In 2015, White was initially scheduled to make his Camping World Truck Series debut at Homestead-Miami Speedway, but he did not attempt the race. The next season, he joined Jennifer Jo Cobb Racing in 2016 to attempt his CWTS debut at Martinsville Speedway, and was reported to be the first Marine to compete in a NASCAR national series event. However, ex-Marine Larry Frank drove in the NASCAR Grand National Series between 1956 and 1966. The effort was supported by Gulf War veteran David Pack, who works for JJCR as a business development representative. Pack, who is also a board member with Cobb's military charity Driven2Honor, noticed White's Facebook post requesting funding to race. "Dave was excited at the thought of having a Marine race their truck," White stated. "We have been working together for the past month and have already secured enough funding to attempt my first NASCAR race." After starting 31st, White finished 32nd and last after being involved in a crash on lap 51 with Kyle Donahue.
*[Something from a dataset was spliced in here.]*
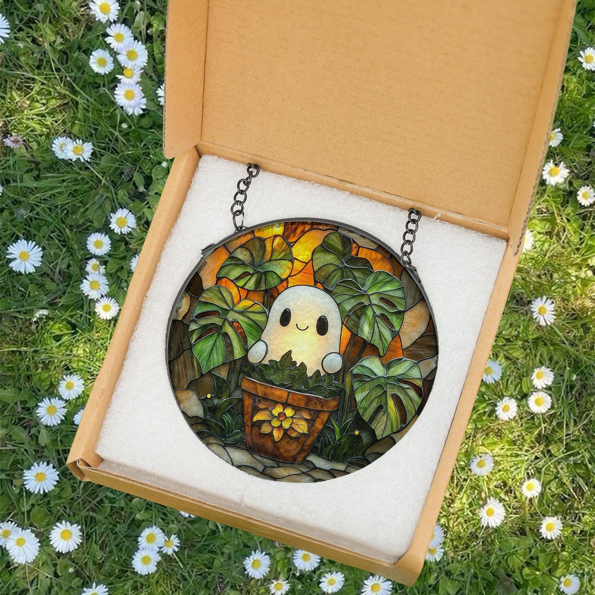 Cute Ghost Plant Suncatcher, Glass Suncatcher Decor, Pendant Wall Window Ornament, Halloween Ghost Glass Suncatcher, Plant Lovers Gift

After being without a ride for three years, in September 2019, it was reported that White signed with Vizion Motorsports to potentially run the ARCA season opener at Daytona and some Truck Series races if the team was able to find sponsorship. An official announcement that White had joined Vizion was made on December 19, 2019, with him driving the No. 36 ARCA car full-time if possible, as well as possibly a few Truck races. In 2020, he was set to run at ARCA's Daytona testing in January, driving the Josh Williams Motorsports No. 60 although he did not end up making any laps in the test session.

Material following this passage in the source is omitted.